Let me start by thanking you in advance for your time and consideration on this matter.

Those of you with Daddy/Little Girl (ism) experience and/or knowledge... "please help." 

I am having a serious crisis that I cannot even imagine calling a therapist or anyone else for. I have seen some past threads on this subject and I am hoping for some of those same members and/or others to offer their counsel to me now.

About 5 months ago during a sexual encounter with my lover of 4 years I had, what has now become, a life changing incident.  During a moment of intense connection he asked me, “Are you my little girl? Am I your Daddy?”  Even now, I can still feel the ‘shift’ that changed my carefully guarded and managed inner world when I responded, “yes, Daddy.”   
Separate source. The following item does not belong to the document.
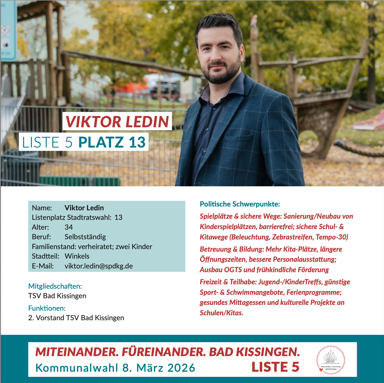 Sie sind hier: Start › Wahlen › Stadtratswahl › Miteinander. Füreinander. Bad Kissingen. › Viktor Ledin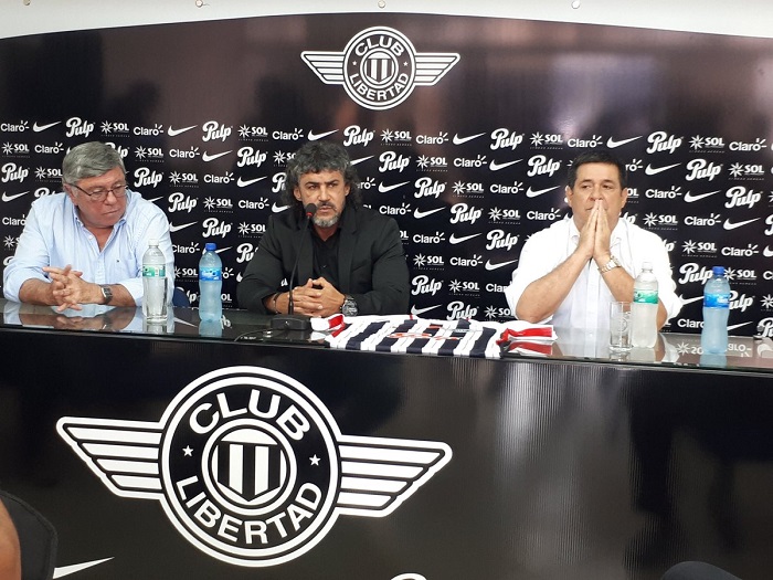 El nuevo entrenador de Libertad fue presentado, este martes, de la mano del presidente honorario del club, Horacio Cartes.

Even looking back now, I have no language that could truly describe what that brief exchange meant to me.  Relief, Release…the beginning of meaningful Trust.  And even though I didn’t see it coming - it brought about complete shift in my carefully constructed emotional paradigm that was my safety net. I did not know that this little ‘acknowledgment’ would end up being my undoing, my Achilles heel!

We have had a rocky relationship off and on mostly because of trust and anger issues on my part, and detachment and selfishness on his part.  Both of us know, can admit, and agree upon these points now.  Even as of last night we talked for almost four hours and we both know and can tell each other that we love each other immensely.  He says he knows that I need someone to take care of me.  I have acknowledged him in my heart and verbally as my Master, my soul-mate and now even as my Daddy.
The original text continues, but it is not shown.